The application server keeps a queue of locks to remove and transactions to roll back once the connection is reestablished. By keeping this queue, processes on the application server can always halt, whether or not the data server on which it has pending transactions and locks is currently available. ECP recovery completes any pending Set and Kill operations that had been queued for the data server before the network outage was detected, before it completes the release of locks.

Any time a data server learns that an application server has reset its own connection (due to application server restart, for example), even if it is still within the Time interval for Troubled state, the data server resets the connection immediately, rolling back transactions and releasing locks on behalf of that application server. Since the application server’s state was reset, there is no longer any state to be maintained by the data server on its behalf.

The final case is when the data server shut down, either gracefully or as a result of a crash. The application server maintains the application state and tries to reconnect to the data server for the Time to wait for recovery setting (20 minutes by default). The data server remembers the application server connections that were active at the time of the crash or shutdown; after restarting, it waits up to thirty seconds for those application servers to reconnect and recover their connections. Recovery involves several steps on the data server, some of which involve the data server journal file in very significant ways. The result of the several different steps is that:

The data server’s view of the current active transactions from each application server has been restored from the data server’s journal file.
The data server’s view of the current active Lock operations from each application server has been restored, by having the application server upload those locks to the data server.
The application server and the data server agree on exactly which requests from the application server can be ignored (because it is certain they completed before the crash) and which ones should be replayed. Therefore, the last recovery step is to simply let the pending network requests complete, but only those network requests that are safe to replay.
Finally, the application server delivers to the data server any pending unlock or rollback indications that it saved from jobs that halted while the data server was restarting. All guarantees are maintained, even in the face of sudden and unanticipated data server crashes, as long as the integrity of the storage devices (for database, WIJ, and journal files) are maintained.

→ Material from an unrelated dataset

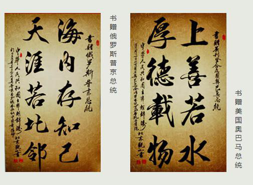书画作品经国-务- 院国宾礼专家评审委员会认定为“中国国礼作品”,并聘为“国-务-院国宾礼特供书画艺术家”,享受国-务-院特殊津贴。老师的书法作品曾多次作为国礼赠送给奥巴马、普京、陆克文等多位外国政要。比如老师的书法作品《上善若水 厚德载物》曾被当做“国礼”赠送给奥巴马总统,其作品《海内存知己 天涯若比邻》赠送给普京总统,因此也被称为中国的“国宾礼书法家”。

During the recovery of an ECP-configured system, InterSystems IRIS guarantees a number of recoverable semantics which are described in detail in ECP Recovery Guarantees. Limitations to these guarantees are described in detail in ECP Recovery Limitations.

ECP Recovery Guarantees

During the recovery of an ECP-configured system, InterSystems IRIS guarantees the following recoverable semantics:

In the description of each guarantee the first paragraph describes a specific condition. Subsequent paragraphs describe the data guarantee applicable to that particular situation.

In these descriptions, Process A, Process B and so on refer to processes attempting update globals on a data server. These processes may originate on the same or different application servers, or on the data server itself; in some cases the origins of processes are specified, in others they are not germane.

In-order Updates Guarantee

Process A updates two data elements sequentially, first global ^x and next global ^y, where ^x and ^y are located on the same data server.

If Process B sees the change to ^y, it also sees the change to ^x. This guarantee applies whether or not Process A and Process B are on the same application server as long as the two data items are on the same data server and the data server remains up.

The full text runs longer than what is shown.